Even the terminology here is very poor- "Do you smell?" can be asking if you stink, or if you are olfactorily sensing something. Evidence there that we would rather avoid talking about it.
It's DEFINITELY true that individuals frequently are unaware of their own scent- your own perceptions are highly unreliable. So I'd want to know what his 2nd best friend says. Not his wife- because you know what? She may BE his wife because she finds his scent attractive. Not his best friend- same thing! Getting a "straight answer" in the field is very difficult.
And- race confuses things too, and makes the topic very taboo. It's pretty clear different racial groups both have different "average" scents, and different perceptions. And the perceptions are likely to be colored by other factors- so mostly nobody talks about this stuff; and testing for "real" answers is just that much more difficult. My favorite example here - Chinese people will say, privately, that they DO think Caucasians sort of smell- like sheep. eww. But they mostly keep that information to themselves.

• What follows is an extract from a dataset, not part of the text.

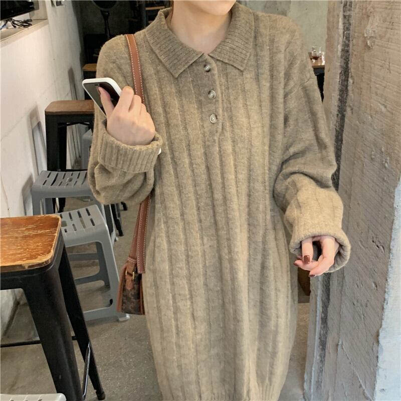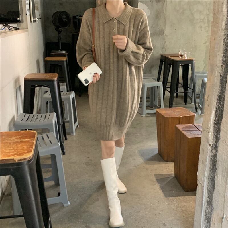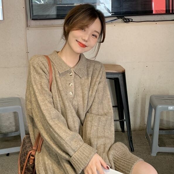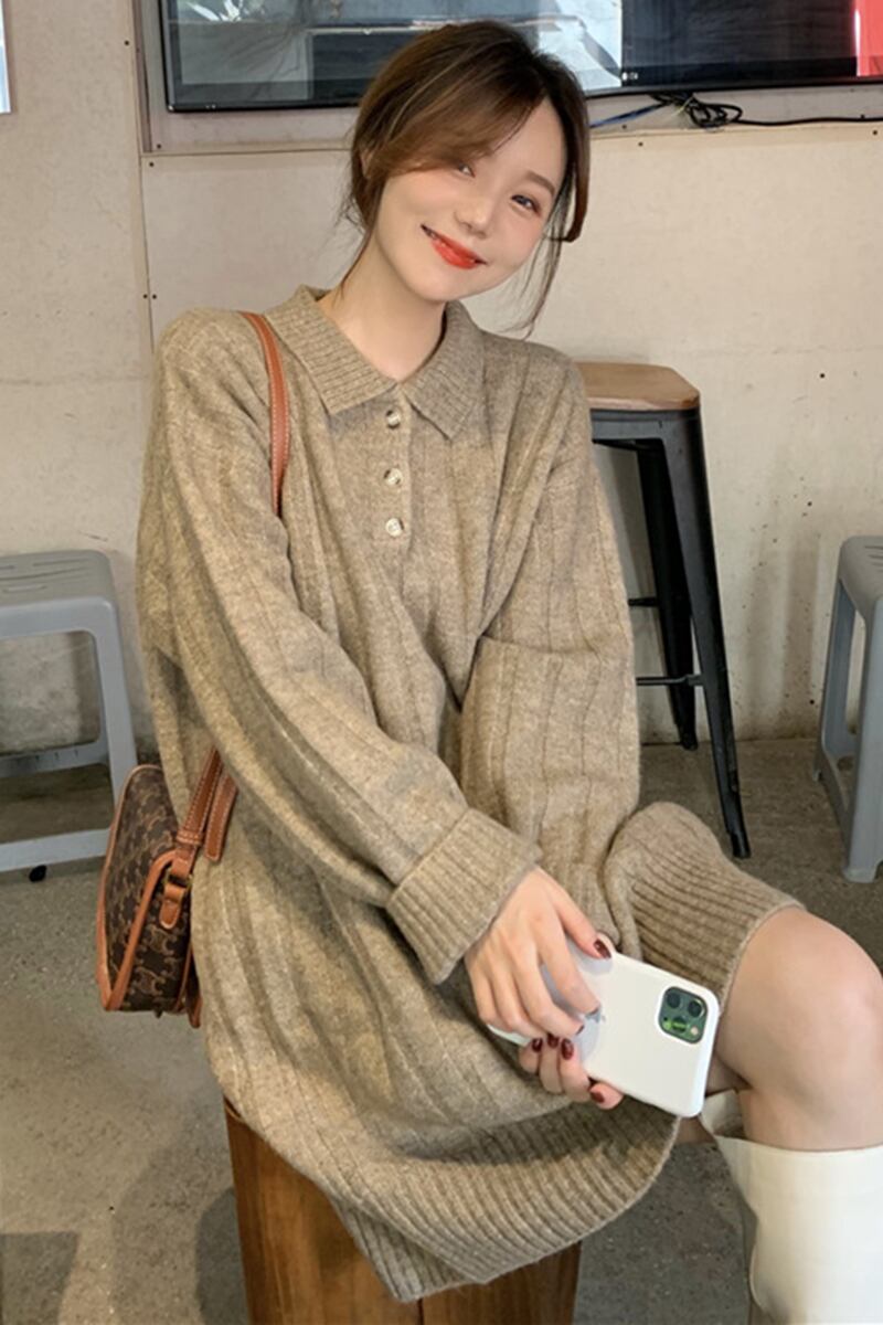 ニットワンピース ミニワンピース ワンピース ミニ ミニ丈 膝上 袖あり 長袖 襟付き Iライン かわいい 大人可愛い シンプル カジュアル おしゃれ お洒落 大人可愛い 大人女子 こなれ感 キュート ガーリー 主役級 無地 秋 冬 10代 20代 30代 レディース 女性用 女の子 学生 通学 デート お出かけ 女子会 お泊まり 休日 着回し 韓国 韓国系 ファッション コーデ スタイル 暖かい モテ 美脚 脚長 新作 定番 送料無料 トレンド 流行 インポート 海外 デートコーデ こなれ感 ボタン

Did you follow that weird link from my post on Earth Lent? What people find attractive, sexually, is wildly variable- and has to be tested blind, because upfront answers are often not accurate- what's going on subliminally may be very different from the surface reaction.
It's as much fun as a barrel of sweaty bonobos!
Anyway- I doubt doing without soap will be a good green idea for most people; most of us stink, at least some of the time. Individually- go for it; but be careful to find out what others think about the results!